The Foreign Ministers of the European Union could consider fresh sanctions on Russian individuals on Monday, after more than 3,000 people were arrested across the country on Saturday demanding the release fo the opposition leader Alexei Navalny.


Last week, Europe’s lawmakers called for strengthened sanctions against Russia, also saying that work to complete the Nord Stream 2 pipeline must be stopped immediately. The call has been echoed by several EU leaders and diplomats, who kept a hardline stance on Kremlin. 


“The only way to [prevent conflict] is to force international law to be observed. The only way to do this without rifles, cannons and bombs is via sanctions. So we are ready to help build consensus on that issue,” Polish President Andrzej Duda told the FT over the weekend. 

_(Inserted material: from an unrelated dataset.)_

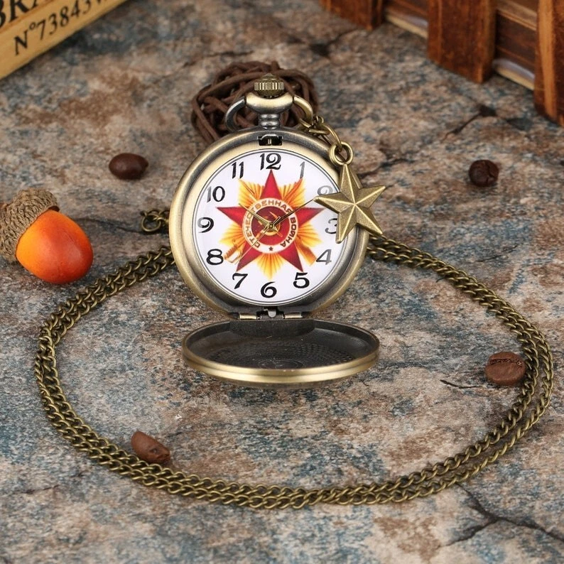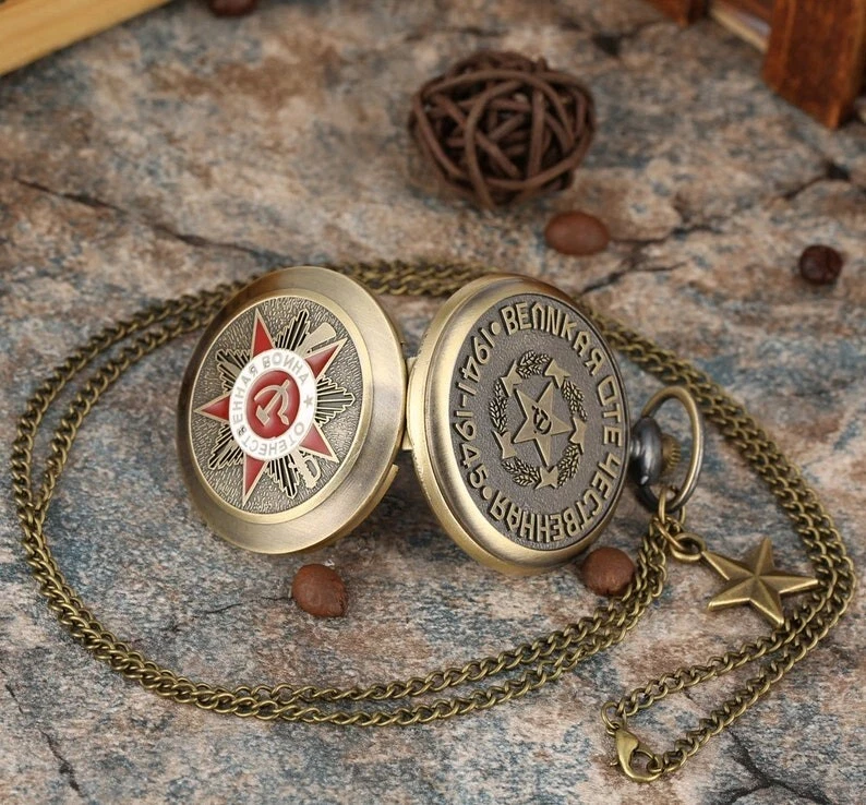 Vintage Soviet Pocket Watch Communist USSR Necklace Chain Soviet Union
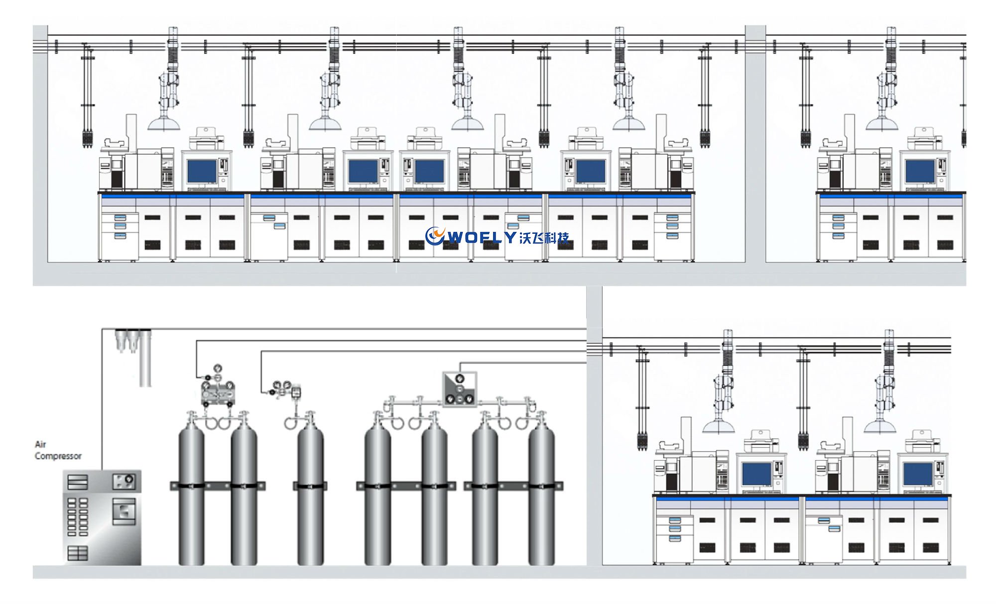 無氣瓶在實驗室內,節省空間,消除危險源。

Citing “a change is in the air in Russia”, which Europe must support, Lithuania’s FM Gabrielius Landsbergis said on Monday that the bloc needs to send “a very clear and decisive message that this is not acceptable,” with his French counterpart, Jean-Yves Le Drian describing the mass arrest of protesters and the police’s violent crackdown as a “slide towards authoritarianism.”


In the meantime, Russia has accused the West of a “professionally prepared provocation” by inciting protests in support of Kremlin critic Navalny and of “interfering” into the internal affairs of the country. 


The Twitter post by the Russian Embassy in the UK came a day after dozens of thousands joined the anti-government rallies in several cities, from Vladivostok all the way to Moscow, defying heavy police presence and COVID restrictions prohibiting mass events.